SocGen Exits U.S. Merger Arbitrage
Societe Generale reportedly fired a four-member merger arbitrage trading team based in New York last month.
The move is an apparent response to declining merger activity, according to Bloomberg News. Other players such as hedge funds Deephaven Capital Management and Tisbury Capital Management shut their U.S. merger arbitrage strategies this year as well.
Unnamed sources told Bloomberg the group had invested SocGen's own capital and was breaking even since the beginning of the year. The team was led by managing director William Kavaler, who headed U.S. risk arbitrage at Commerzbank and previously worked at Laterman & Co.
Paris-based SocGen didn't comment for Bloomberg's story, which the newswire attributed to two people with knowledge of the decision.

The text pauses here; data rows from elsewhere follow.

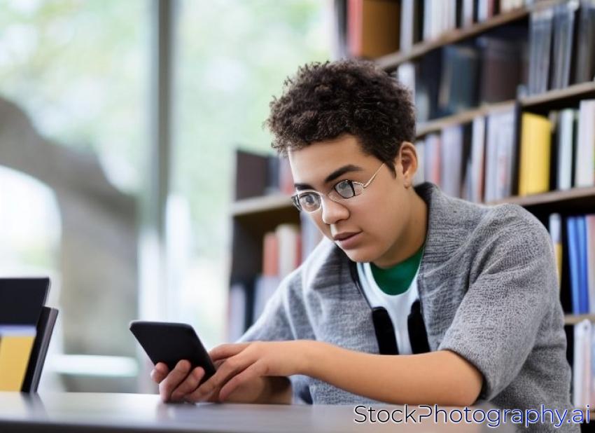 student with touchpad in library
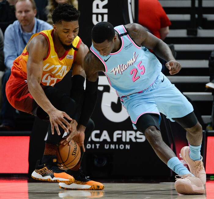 (Francisco Kjolseth | The Salt Lake Tribune) Utah Jazz guard Donovan Mitchell (45) tries to steal the ball from Miami Heat guard Kendrick Nunn (25) as the Utah Jazz host the Miami Heat in their NBA basketball game at Vivint Smart Home Arena in Salt Lake City on Wednesday, Feb. 12, 2020.
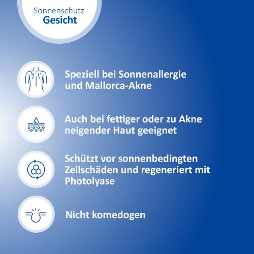 Ganzjähriger Sonnenschutz ist essenziell, da er nicht nur vor Sonnenbrand und sonnenbedingter Hautalterung schützt, sondern auch das Risiko an Hautkrebs zu erkranken reduziert. Um Menschen mit allergischer Haut optimal zu versorgen, bietet Ladival® die Allergische Haut-Serie an. Diese wurde speziell für Haut entwickelt, die zu Sonnenallergie (polymorphe Lichtdermatose/PLD) und Mallorca-Akne neigt.
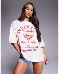 ASOS Women's Purple Weekend Collective Oversized T-Shirt With Cocktails And Social Club Graphic
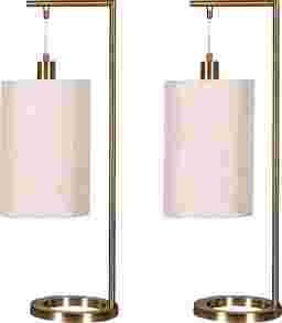 From bedside illumination to living room accent, the Altura Gate table lamp lights up your space in fabulous fashion. Featuring a base crafted of metal in a brass tone polish, this lamp pair's contemporary silhouette wouldn't be complete without the beige linen shade.
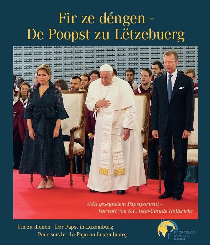 « Fir ze déngen - Um zu dienen - Pour servir », tel était la devise du Voyage apostolique du pape François, décédé le 21 avril 2025, au Grand-Duché de Luxembourg dans ses trois langues nationales : le luxembourgeois, l'allemand et le français.La documentation bilingue (allemand - français) que le...
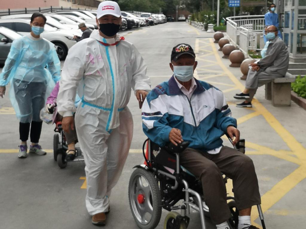 叶尔江·哈力木扶着老人做核酸检测
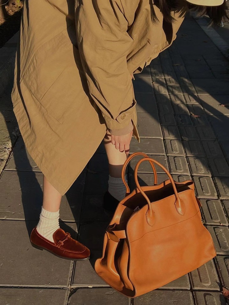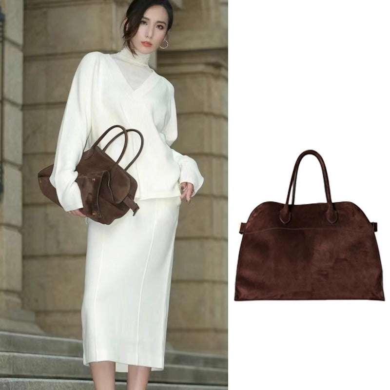 大牌The*Ro手提包真皮大容量通勤包牛皮麂皮董洁同款大牌品牌包批
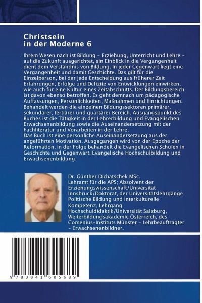 Ihrem Wesen nach ist Bildung - Erziehung, Unterricht und Lehre - auf die Zukunft ausgerichtet, ein Einblick in die Vergangenheit dient dem Verständnis von Bildung. In jeder Gegenwart liegt eine Vergangenheit und damit Geschichte. Das gilt für die Einzelperson, bei der jede Entscheidung aus früherer Zeit Erfahrungen, Erfolge und Defizite von Entwicklungen einwirken, wie auch für eine Kultur eines Zeitabschnitts. Der Bildungsbereich ist davon ebenso betroffen. Es geht demnach um pädagogische Auffassungen, Persönlichkeiten, Maßnahmen und Einrichtungen. Behandelt werden die einzelnen Bildungssektoren primärer, sekundärer, tertiärer und quartärer Bereich. Ausgangspunkt des Buches ist die Tätigkeit in der Lehrerbildung und Evangelischen Erwachsenenbildung sowie die Auseinandersetzung mit der Fachliteratur und Vorarbeiten in der Lehre. Das Buch ist eine persönliche Auseinandersetzung aus der angeführten Motivation. Ausgegangen wird von der Epoche der Reformation, in der Folge behandelt die Evangelischen Schulen in Geschichte und Gegenwart, Evangelische Hochschulbildung und Erwachsenenbildung.
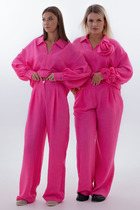 Комплект выполнен из качественного хлопчатобумажного полотна. Натуральная ткань обеспечивает воздухопроницаемость, мягкость и комфорт в течение всего дня. Материал держит форму, сохраняя аккуратный и стильный силуэт.
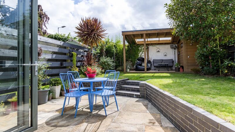 The garden has a sandstone patio, black bricks beside the raised lawn and a good-sized gazebo at the end where the couple can barbecue even if it’s raining, says Aoife.
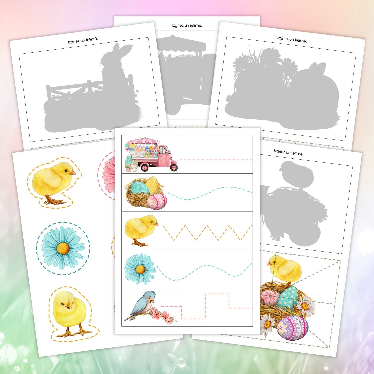 Darba lapas griešanas prasmju uzlabošanai pavasara un Lieldienu tematikā kuras var izmantot arī vilkšanai ar rakstāmpiederumu.

Bloomberg data show the value of public companies taken over worldwide fell 39 percent in the first half of this year compared with a year earlier, to $644 billion. Data from Hedge Fund Research show merger arbitrage funds lost 0.4 percent on average in the first half.
Besides reduced activity, during the past year several high-profile pending takeovers either were consummated at much lower levels than first proposed, or were abandoned altogether. Arbitrage traders who bought shares of such companies as Sallie Mae, Alliance Data Systems or United Rentals when those takeovers were announced would have suffered big losses when the deals collapsed.